Moreover, the volunteer seedlings that had looked like a serendipitous bonanza in June have now grown up and are making it amply clear that they’re in the wrong place and are clamoring to be moved. There are phlox that are inching their way towards magenta pink and they’re blooming alongside the red KnockOut ™ rose. Ouch!

In the past, I would just dig the offenders up and move them, no matter what the temperature or time of day. I recall transplanting astilbes one hot summer afternoon when I just couldn’t bear looking at them, knowing their location was wrong, wrong, wrong. (I wouldn’t do that now, not because I know better—I knew better then—but I’m older and lazier now.
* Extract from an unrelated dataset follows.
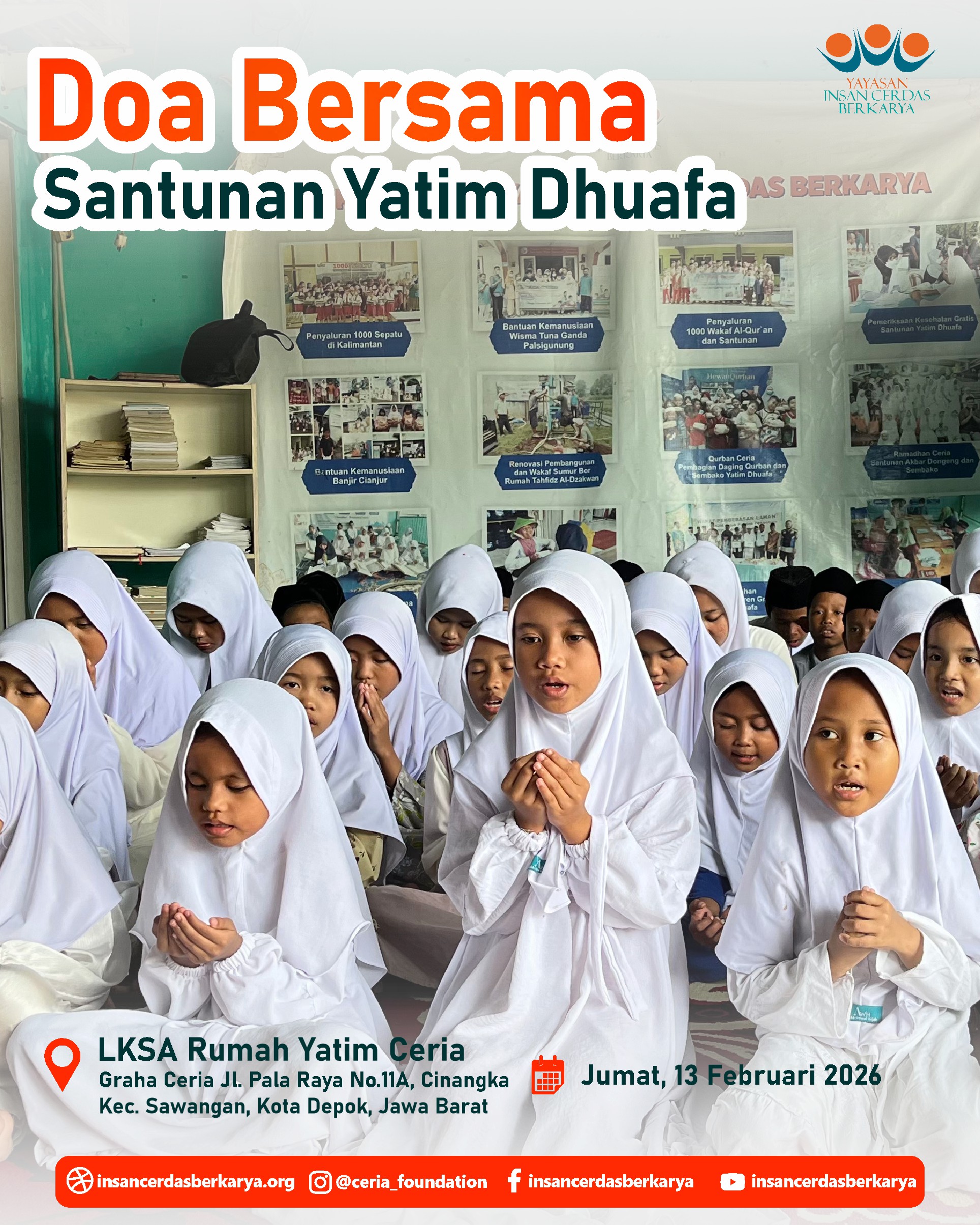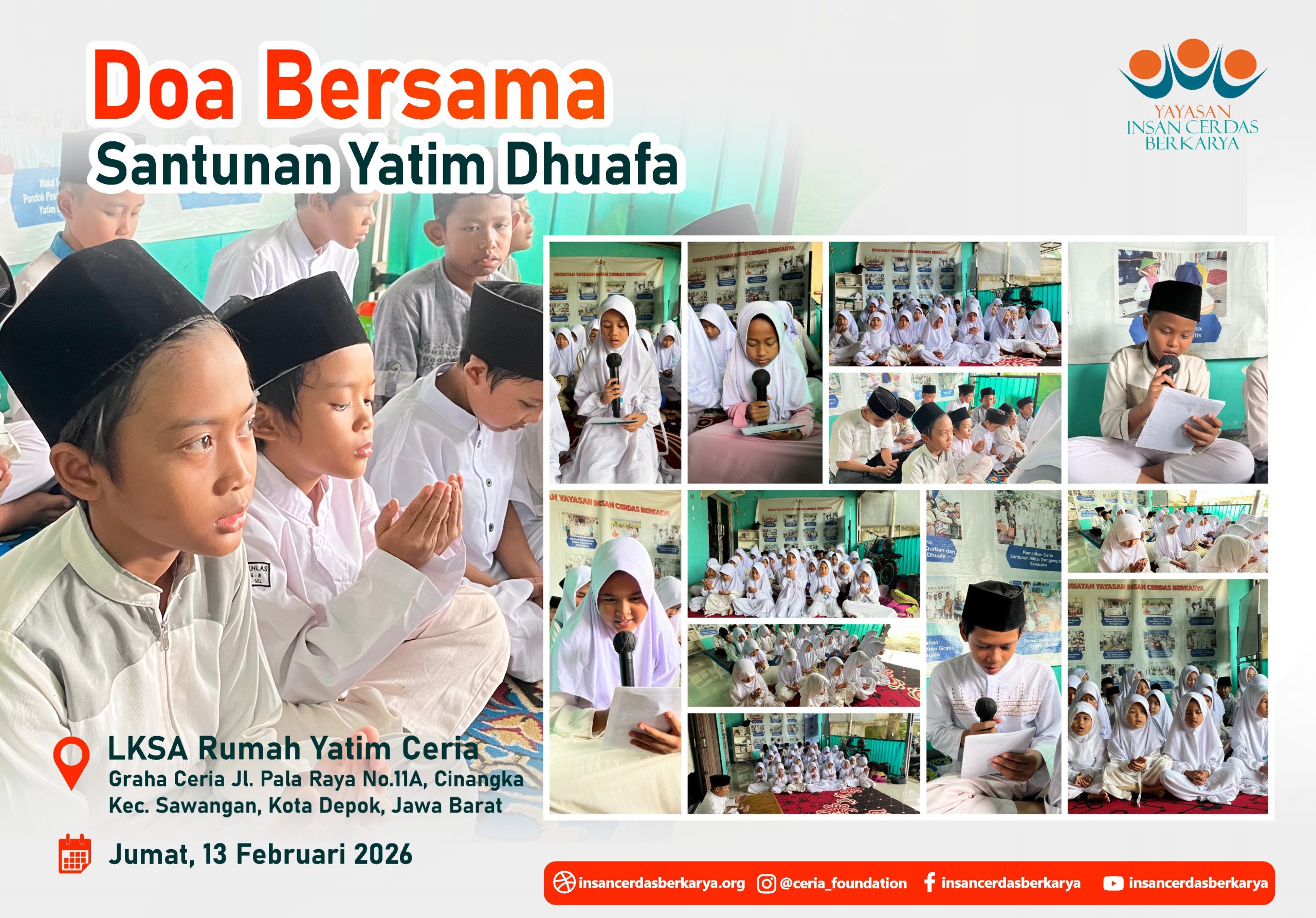 Mengucap syukur Alhamdulillah atas terlaksananya kembali kegiatan rutin Doa Bersama dan Santunan Jum’at Berbagi Makan BerGizi untuk adik-adik yatim dhuafa LKSA Rumah Yatim Ceria YICB di Cinangka Depok hari Jumat tanggal 13 februari 2026. Suara lirih, Tangan-tangan mungil mereka tengadah, doa-doa mereka mengetuk pintu langit dengan ketulusan yang murni memohon keberkahan bagi para donatur dan orang-orang baik yang senantiasa menjadi jembatan kebahagiaan mereka.

Besides, my knees hurt and it’s sometimes hard to kneel.)

So I’m pondering the changes for next year—maybe get a half-dozen pink cannas with big blackish leaves to make a dramatic statement along my front fence. And what about a pair of matching hydrangeas as well? That would add substance.

I’ve already made two important decisions. Those phlox will definitely have to go (on a day when my knees aren’t hurting). And today I got ruthless with a plant that is one of the most amazing species on the planet—Oenothera biennis which—I kid you not—moves from bud to open flower in a matter of seconds every summer night around 8:30. I always want to have a couple of these yellow-blooming wonders around, but this year I had four, and two of them were blocking views of other plants. It broke my heart to uproot these 5-foot giants, but the garden looks better now. I can see the arching sprays of my ‘Morning Light’ miscanthus, for example. What’s more, I could do it while standing.